The purpose of this study was to determine, first, whether the albumin on perfluorocarbon-exposed sonicated dextrose albumin microbubbles has retained its known ability to bind antisense oligonucleotides (DNA utilized to inhibit viral replication and intimal hyperplasia). The binding kinetics of synthetic antisense oligonucleotides to perfluorocarbon-exposed sonicated dextrose albumin microbubbles as well as to room air-containing sonicated dextrose albumin microbubbles were compared. Second, the effect of diagnostic ultrasound on this binding is unknown. The ability of diagnostic ultrasound to release synthetic antisense oligonucleotides from perfluorocarbon-exposed sonicated dextrose albumin microbubbles also was tested in vitro and in vivo in three dogs.
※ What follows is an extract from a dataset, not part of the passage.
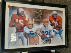 #288 - Heisman Trophy Award Winners Autographed Litho. Roger Staubach, Jim Plunkett, Paul Hornung, Glen Davis, Hopalong Cassidy etc. 20 Names In All. Certificate of Authenticity Phil Castinetti's Sportsworld
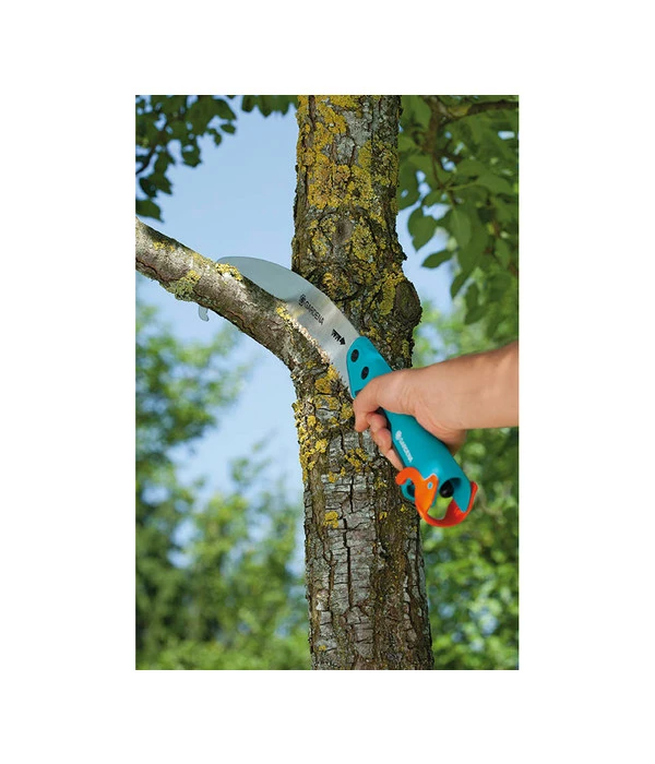 Die Einsatzmöglichkeiten der gebogenen GARDENA combisystem Gartensäge 300 P sind vielfältig: Mit ihrem ergonomischen Griff und den angenehmen Soft-Kunststoff-Komponenten liegt die Säge gut in der Hand und ist bequem manuell einsetzbar. Sie hilft aber auch, wenn Sie nicht auf die Leiter steigen wollen: etwa für Äste, die vom Boden aus gar nicht zu erreichen sind, oder für den Rückschnitt von Kletterpflanzen wie Wildrosen, welche das Spalier oder die Hauswand schon weit erklommen haben. Für diese Zwecke ist die gebogene GARDENA combisystem Gartensäge 300 P auch ganz leicht erweiterbar. Sie kann an einen teleskopierbaren combisystem-Stiel angebracht werden und reicht dann in bis zu 5 Meter Höhe. Dazu wird sie an einem Sicherheitsverschluss befestigt. Die GARDENA combisystem Gartensäge 300 P ist ein robustes und leistungsstarkes Werkzeug, das gebogene Sägeblatt von 340 Millimeter Länge ist wegen seiner impulsgehärteten Zugverzahnung mit 3fach-Schliff äußerst scharf.

Synthetic antisense oligonucleotides exhibited binding to perfluorocarbon-exposed sonicated dextrose albumin microbubbles much like that of native albumin but did not bind uniformly with room air-containing sonicated dextrose albumin microbubbles. Diagnostic ultrasound resulted in significant partitioning of synthetic antisense oligonucleotides into non-bubble containing regions after insonation in vitro as well as deposition of greater amounts of synthetic antisense oligonucleotides in the insonated kidney after intravenous injections of synthetic anti-sense oligonucleotide-labeled perfluorocarbon-exposed sonicated dextrose albumin microbubbles. We conclude that perfluorocarbon-exposed sonicated dextrose albumin microbubbles, unlike room air-containing sonicated dextrose albumin microbubbles, have bioactive albumin on their surface that can bind synthetic antisense oligonucleotides and then release them in the presence of diagnostic ultrasound.